有意思的情況,五月挑了挑眉毛,自然知道馬達這是在說教堂裏也有劇情發生,不過對他而言卻提不起什麽興趣,而且,兩名新人也需要曆練一下嘛……
揮了揮手,五月身形一轉,化作一道劍光猛的飛躍而起,向着遠方的城市飛去。
“哦……好厲害……”雄也看着五月離去的方向,一臉羨慕。
“隻要你們足夠努力,一定也能到達這種程度。走吧,我們還有事情要做。”馬達拍了拍新人的肩膀,笑眯眯的說道。
“啊,對了,五月前輩離開了,那麽我們該怎麽去教堂呢?達叔你能帶着我們飛嗎?”
“……”馬達臉色一僵,然後驚慌失措的沖着五月離開的方向大喊:“五月!快回來!先把我們送到教堂啊!”
夏洛特臉色木然,舉起小本子:笨蛋。
按下劍光,五月在一個小巷子中落下,看着周圍髒兮兮的環境,不由得皺了皺眉。
在遠處看,這裏是一座城市,但是隻有靠近了五月才發現,與其說這裏是城市,不如說是廢墟。
到處都是殘破的樓房,鋼鐵的骨架,有些地方似乎還發生了火災,依然有着袅袅的青煙飄起,物品燒焦的臭味不斷傳進鼻腔,讓五月不會誤認爲那是炊煙。
整座城市,就像是一座巨大的垃圾場!
而這座廢墟之中,卻依然有着人類在活動,不過數量不是很多,寥寥幾千,都聚集在城市的中間部分,相對于着廣大的面積來說,可謂是人煙稀少。
緩緩走在小巷子裏,五月打量着周圍的環境,不時地從地上撿起一塊石頭或是金屬零件觀察一番,有時會收起來,但更多時候是将其再次丢掉。
就這樣走了一會兒,五月再次彎腰從地上撿起一顆小小的金屬殘片,還沒直起腰,卻聽到一陣哭聲。
從聲線來判斷,這隻是一個十多歲的女孩子。
緩緩站起,五月略微猶豫了一下,便向着哭聲的來源走去。
小巷口,一個瘦弱的小女孩兒跪坐在地上,不斷地用手擦着臉蛋,而她的身前,還躺着一個看起來更小的男孩兒,似乎是已經死去了。
五月皺了皺眉,快步走過去,在小女孩驚異的目光下半跪了下來,輕輕将手搭在了男孩兒脖頸上。
他在查看男孩的心跳,但是那小女孩兒卻明顯看不明白,于是驚異全都轉化成憤怒與痛恨,揮起小拳頭就向着五月打去!

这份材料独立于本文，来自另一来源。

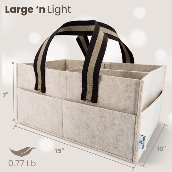 Whether you need a nursery storage solution, a portable car organizer, or a handy pumping station, this diaper caddy has you covered. Its lightweight design and sturdy handle make it easy to transport, ensuring you have everything you need within arm’s reach—whether at home or on the road.

“如果你不想他死的話,最好住手。”五月頭也沒擡,淡淡的撇下一句。
那小拳頭立刻停止在了半空。
“你、你說什麽?”
顫抖的聲音傳來,随後一聲好像蟲子鳴叫的聲音響起:“咕……”
五月擡起頭,眼中閃過一絲笑意,随手從背包裏取出一塊面包遞給羞紅了臉的女孩兒:“先湊活着吃一下。”
女孩兒看着伸到面前的面包,咽了一口唾液,然後快速的搶過來,卻在送入口前猶豫了一下,看了看地上的男孩,将面包一分爲二,自己拿起小的那份狼吞虎咽起來,卻将大的那一塊悄悄地藏了起來。

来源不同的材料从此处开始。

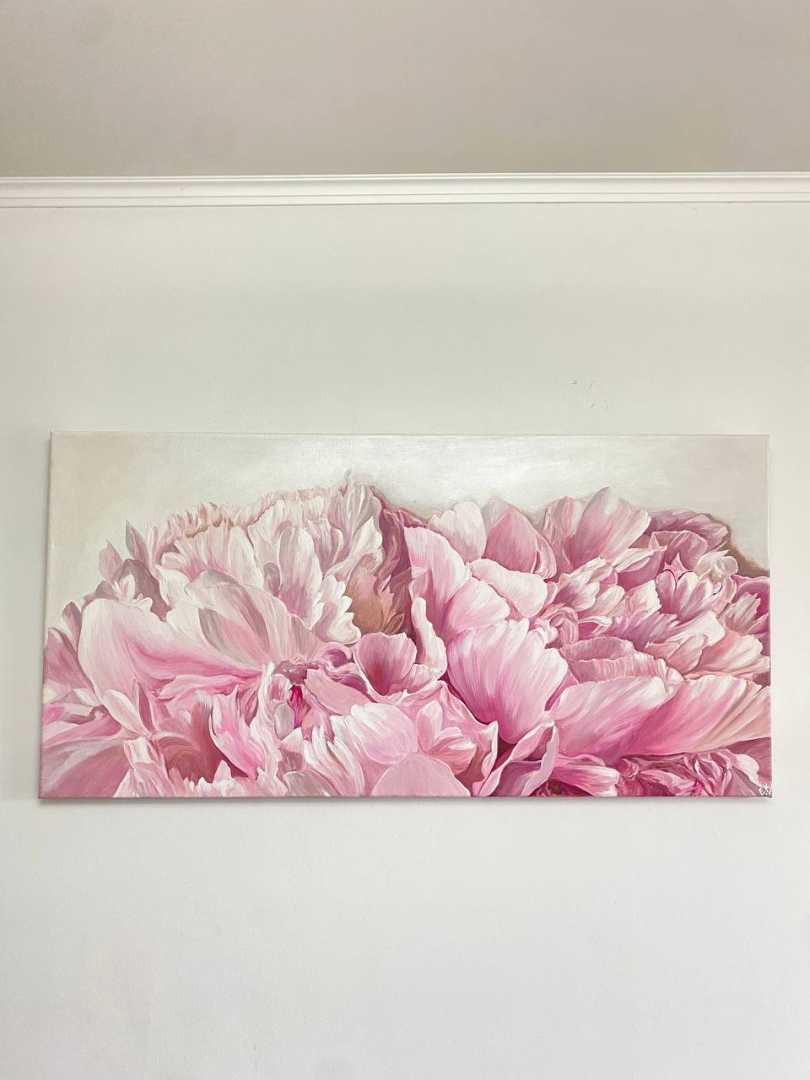 кстуры. Акриловая живопись с лаковым покрытием придаёт картине глубину и мягкое сияние — будто цветы только что распустились под утренним светом.

看着她的舉動,五月的眼神稍稍柔和了些,手中慢慢出現了一些藍色的光點,慢慢的融進了男孩的身體。
“不用客氣,面包還有很多,你可以盡量吃。”
小丫頭愣了一下,看着手中的面包,又看了看五月專注的面龐,眼淚突然又開始流淌:“……謝謝。”
一隻纖細的手掌輕輕地放在了她頭上揉動了一下,很……溫暖……
過了一會兒,五月終于停下了手中的動作,松了一口氣,而那似乎已經死掉卻依然彌留在人世的男孩也随着他的動作開始漸漸有了呼吸。

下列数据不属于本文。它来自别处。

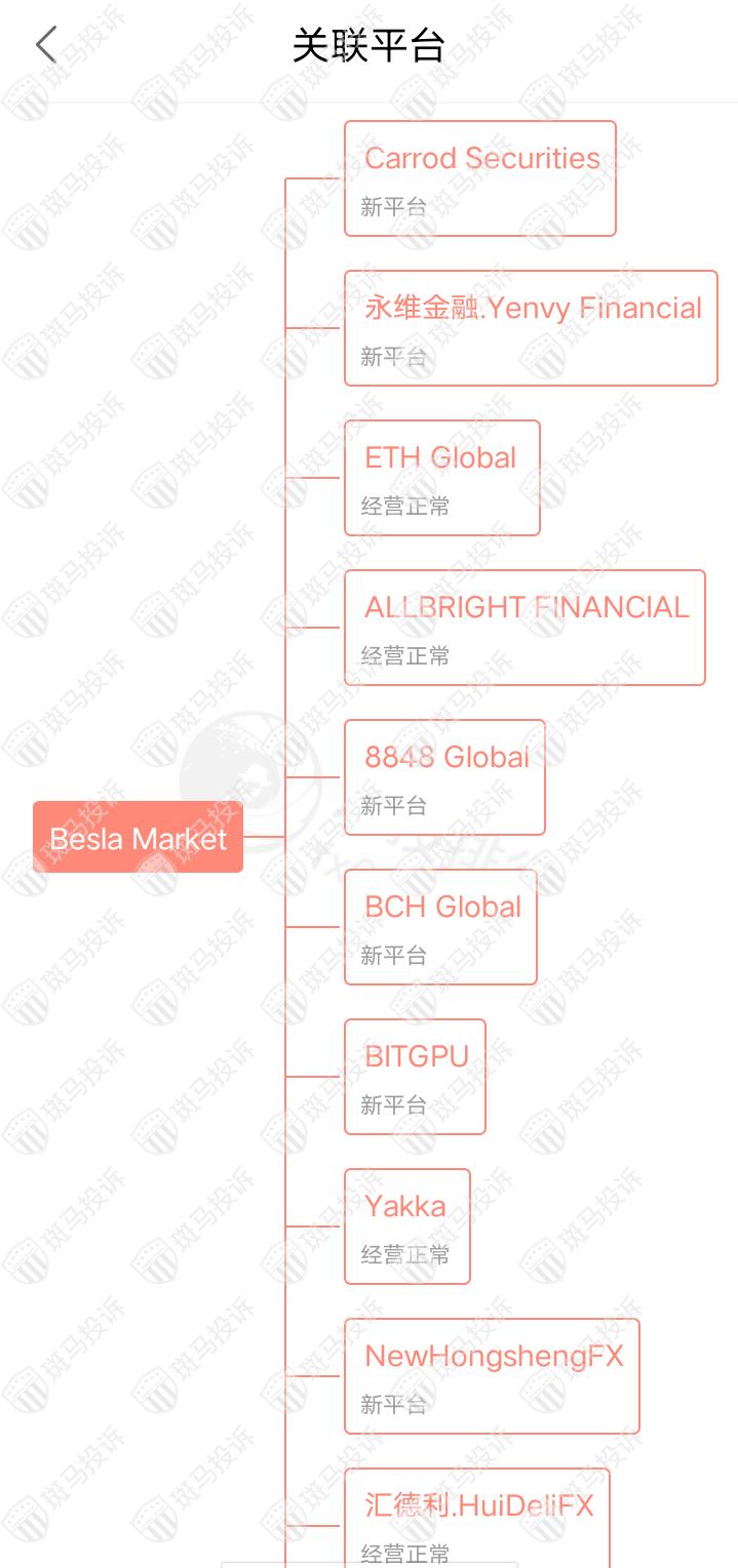 主白标关系显示,Besla Market平台目前和22家平台存在关联。

五月擡起自己的手掌,看着指尖粘着的黑灰色惡心粘液,那是在小男孩兒的身上沾到的。
和克勞德身上的感覺很相似……
星痕症候群……麽?
“好了,你弟弟,已經沒關系了,不過,我沒辦法根治你弟弟的病,隻能暫時壓制一下——你叫什麽名字?”
“伊莉娜。”
“你弟弟呢?”
“穆澤爾。”
“好名字。”五月站起身來,伸了個懶腰,然後低下頭看着兩姐弟:“我去想想辦法,等我找到了方法,就回來找你們。”